EXERCISE BRIEF:
The answer consists only of the lines from the beginning of the listing below to the line holding "Układ mieszkania daje", inclusive, with every picture removed.

DATA SHOWN:
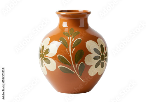 Rustic terracotta vase with floral design isolated on a clean background, decorative pottery for home decor and flower arrangements
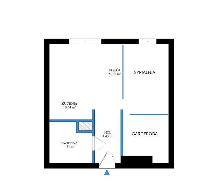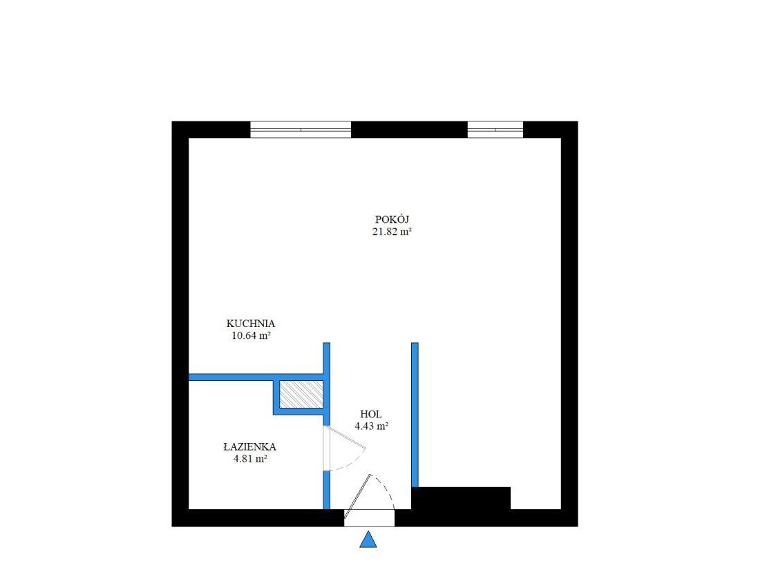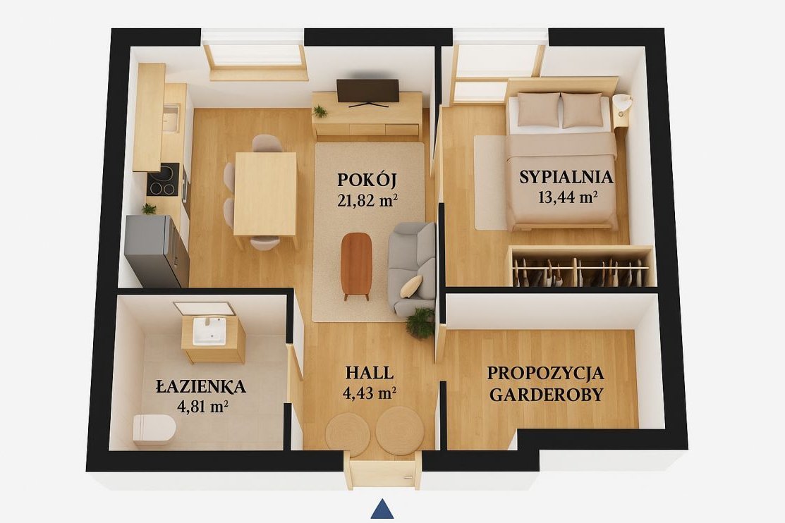 Układ mieszkania daje wiele możliwości - nowy nabywca może w prosty sposób wydzielić pełnowymiarową sypialnię oraz niewielką garderobę, zachowując przy tym otwarty, nowoczesny charakter wnętrza.
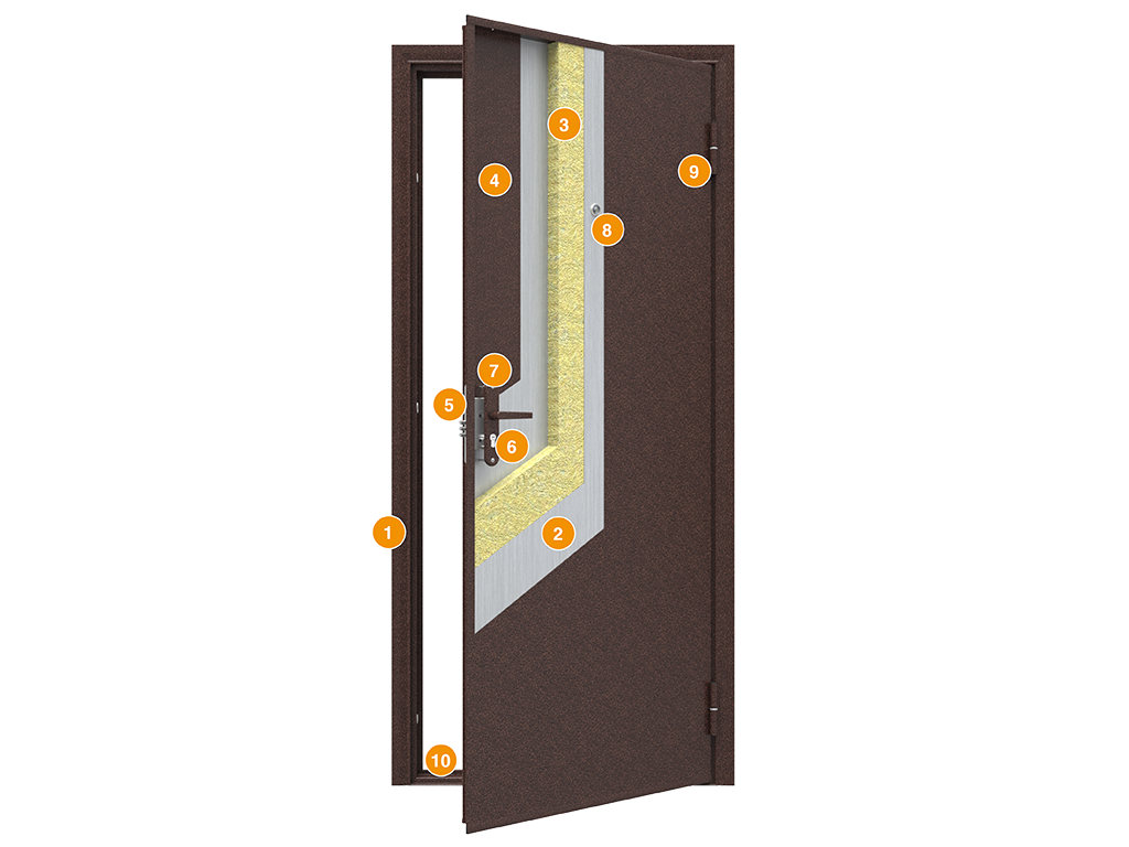 Используется один контур самоклеящегося уплотнителя D-образной формы из EPDM, который сохраняет заданную геометрию и эластичность при длительных эксплуатационных нагрузках. Дверь предназначена для установки в жилых, общественных и коммерческих зданиях.
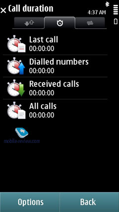 Back to the table of contents >>> Call LogThis menu allows the user to browse missed, incoming and outgoing calls; what is more, it is up to you to set how long these entries will be kept intact (by default - one month). Every entry in these lists has the following information attached: call type (voice or data), duration, date, time and phone number (if identified). Calls can also be filtered by type (data, GPRS, voice, incoming, outgoing, etc). On top of that this menu keeps track of total calls duration and cost. During calls you will see call duration displayed on the screen. As soon as you hang up, the phone will show you call's total duration (this feature can be disabled).
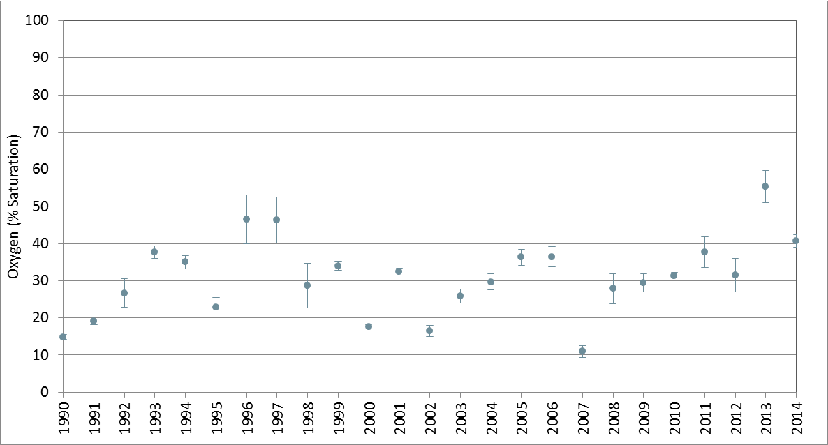 Figure h: Dissolved oxygen in the Sound for the period 1990–2014, shown as stratified-season (1 July–31 October) means for the lowest quartile of the data ± the 95% confidence interval. Results are shown for years with five or more data points after filtering by season, depth (within 10 m of the seafloor) and salinity (≥30) (for additional details on number of samples per year and minimum values, see Table e). (i) oxygen concentration (mg/l), (ii) oxygen percentage saturation
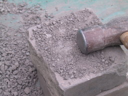 これが、本当に大変です、 とにかく、石のように硬く 小さな粒まで、本当に硬いです。 100gの粘土を作るのにどれぐらい ハンマーを振るのかな? なんて、考えてしまいます。 |

RESPONSE:
 Rustic terracotta vase with floral design isolated on a clean background, decorative pottery for home decor and flower arrangements
 Układ mieszkania daje wiele możliwości - nowy nabywca może w prosty sposób wydzielić pełnowymiarową sypialnię oraz niewielką garderobę, zachowując przy tym otwarty, nowoczesny charakter wnętrza.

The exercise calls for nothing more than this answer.